● **WHAT THE EXERCISE ASKS**: The lines to copy run from the one containing "Authorised service personnel" to the last line of the entries; output those lines exactly and only them, without pictures.
-------- STUDY MATERIAL --------
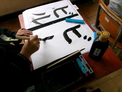 今日は曲がりと折れの入った「ビル」というかたかなを書きました。曲がりは筆を止めずに、折れは一度筆をとめてから、というポイントを部分練習したあと、集中して書きました。筆できれいに文字が書けるようになった人が増えました。
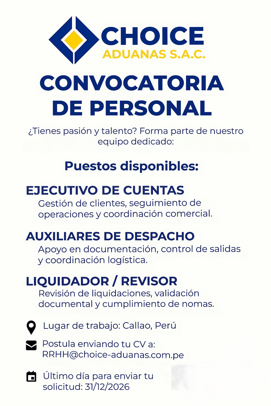 calidad@choice-aduanas.com.pe y auxiliar@choice-aduanas.com.pe
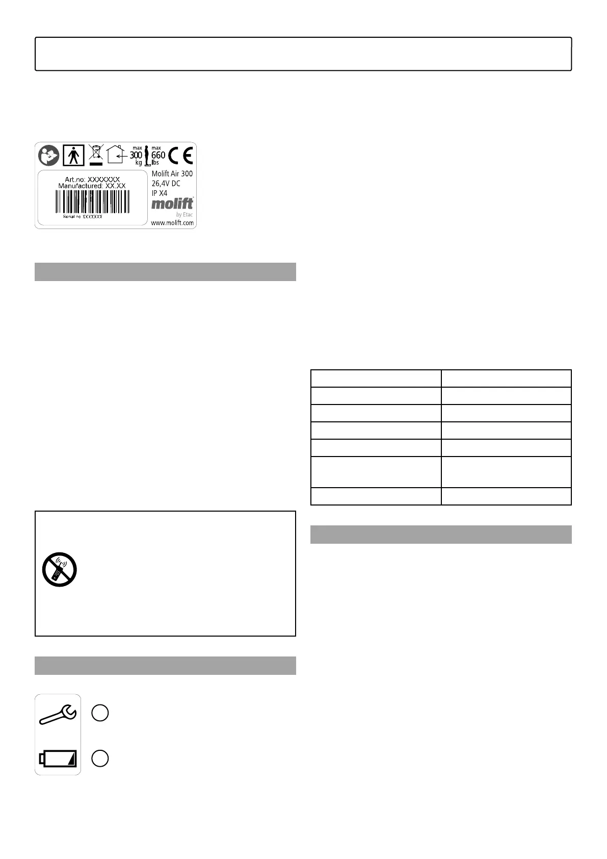 Authorised service personnel can use the Molift
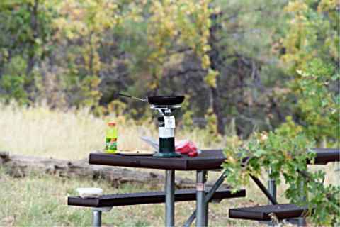 3 eggs, 4 bacons, 1 Qt. of gatorade & a few other snackies. Note my 1 burner stove.
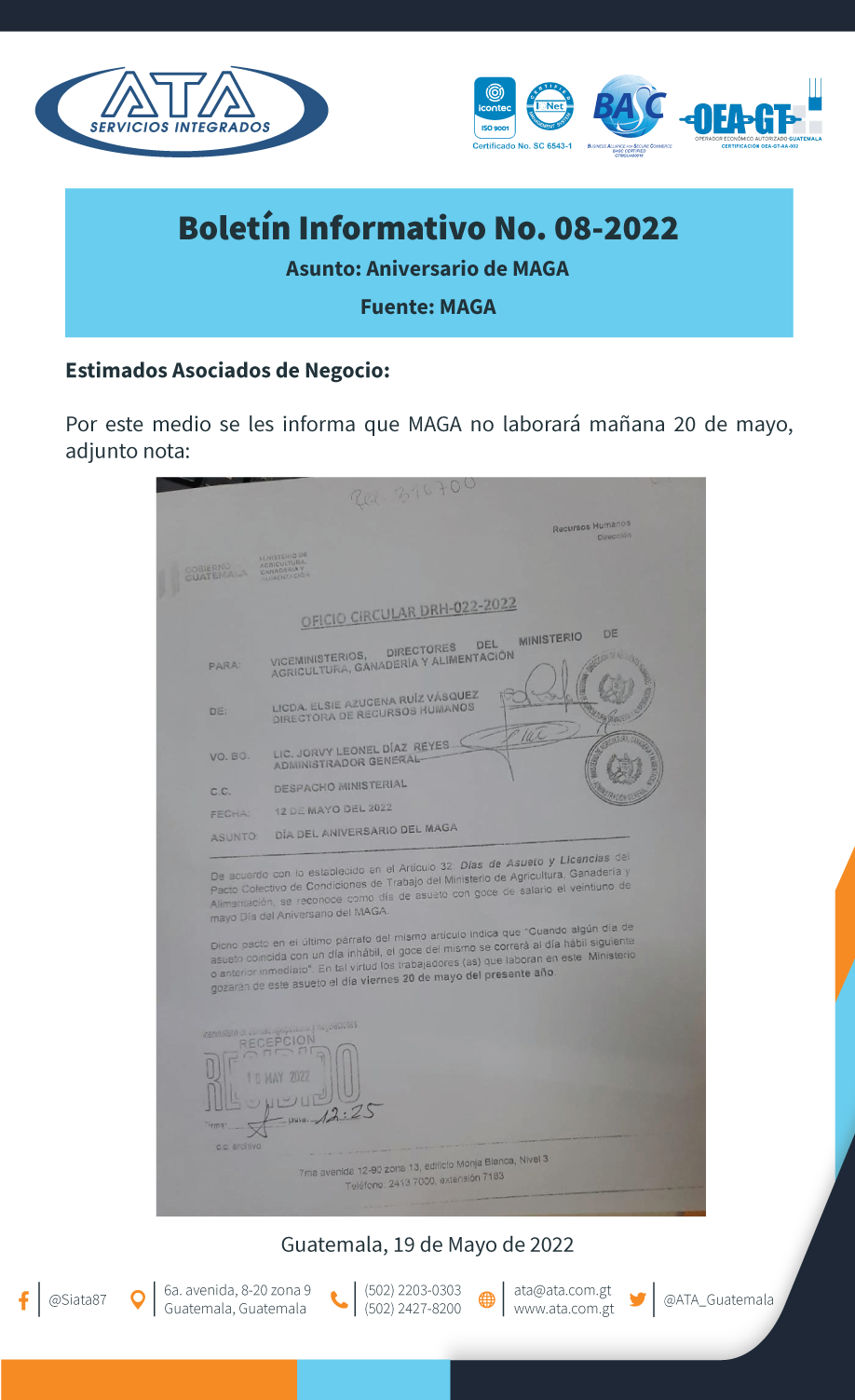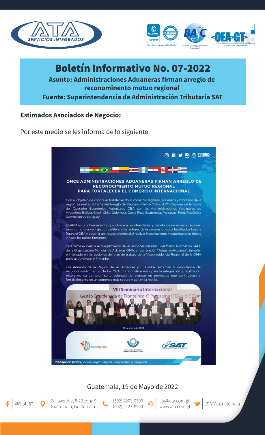 Boletín Informativo No. 07-2022 Administraciones Aduaneras firman arreglo de reconocimiento mutuo regional
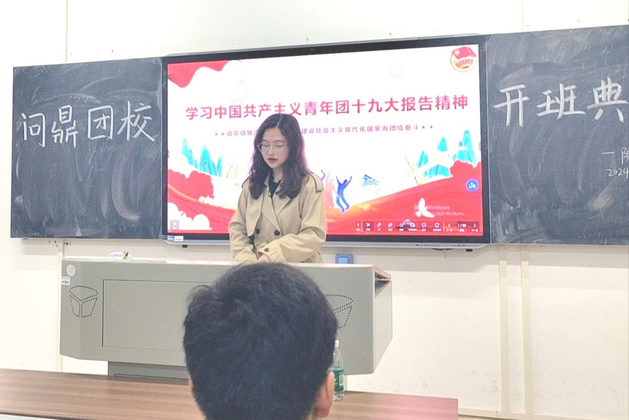 课程在主持人王靖雯致开场词后正式开始。全体成员起立,共同歌唱中国共青团团歌。青年发展工作部负责人张钰佳为各学员介绍团校课程安排、基本规章制度及结业要求。随后,团校学员代表周健玮发言,他承诺,在接下来的团校学习中将坚定理想信念 、刻苦学习、以身作则,为学院发展做出贡献。张婧代表学院团委对参加团校培训的全体学员表示热烈欢迎,并阐明了开办团校的重要意义。她围绕“在革命性磨砺中前进的中国共青团”、“新时代中国青年的使命担当”、“用习近平新时代中国特色社会主义思想统领共青团工作”等方面带领学员们学习共青团十九大精神,教育引导广大团员青年传承红色基因,勇担职责使命。
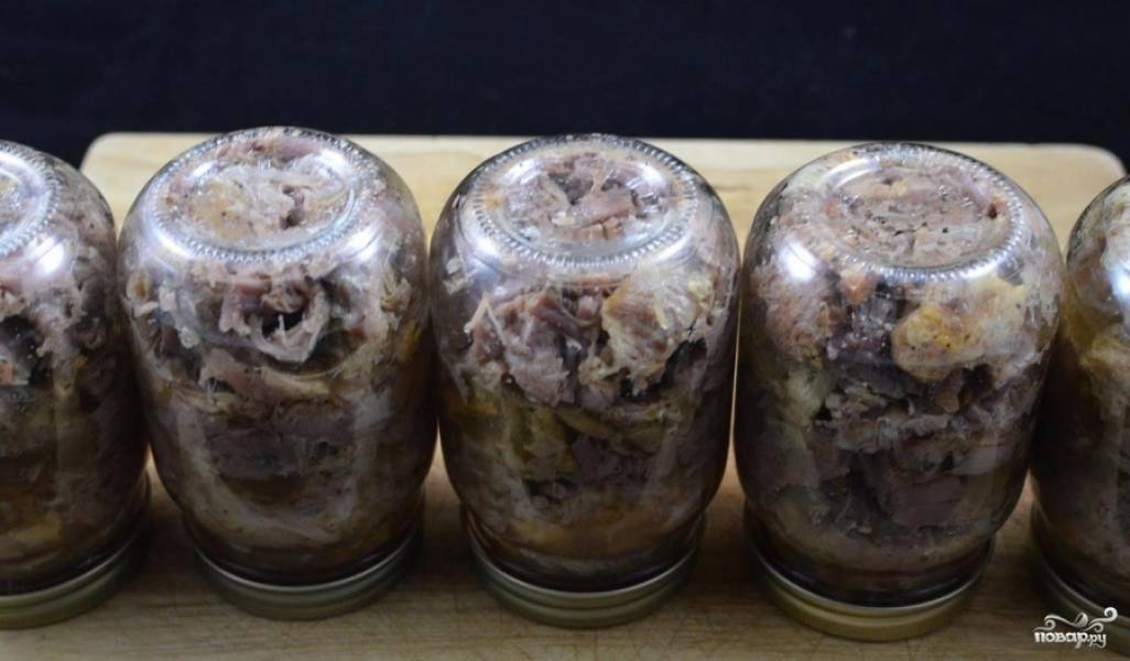 Когда мясо еще горячее туго закупориваем банки крышками.
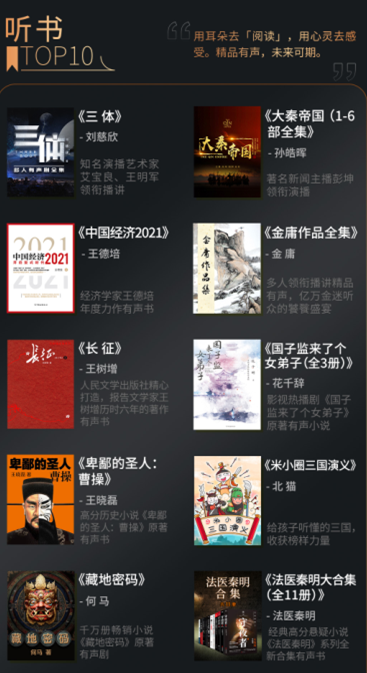 随着数字阅读技术移动化、视听化的不断演进,“听书”成为当下最为流行的数字阅读方式。掌阅听书节已成功举办三届,在本次的年度听书推荐中,《长征》《中国经济2021》《三体》等十部精品有声书上榜。
--------
● **OUTPUT OF THE TASK**:
 Authorised service personnel can use the Molift
 3 eggs, 4 bacons, 1 Qt. of gatorade & a few other snackies. Note my 1 burner stove.
 Boletín Informativo No. 07-2022 Administraciones Aduaneras firman arreglo de reconocimiento mutuo regional
 课程在主持人王靖雯致开场词后正式开始。全体成员起立,共同歌唱中国共青团团歌。青年发展工作部负责人张钰佳为各学员介绍团校课程安排、基本规章制度及结业要求。随后,团校学员代表周健玮发言,他承诺,在接下来的团校学习中将坚定理想信念 、刻苦学习、以身作则,为学院发展做出贡献。张婧代表学院团委对参加团校培训的全体学员表示热烈欢迎,并阐明了开办团校的重要意义。她围绕“在革命性磨砺中前进的中国共青团”、“新时代中国青年的使命担当”、“用习近平新时代中国特色社会主义思想统领共青团工作”等方面带领学员们学习共青团十九大精神,教育引导广大团员青年传承红色基因,勇担职责使命。
 Когда мясо еще горячее туго закупориваем банки крышками.
 随着数字阅读技术移动化、视听化的不断演进,“听书”成为当下最为流行的数字阅读方式。掌阅听书节已成功举办三届,在本次的年度听书推荐中,《长征》《中国经济2021》《三体》等十部精品有声书上榜。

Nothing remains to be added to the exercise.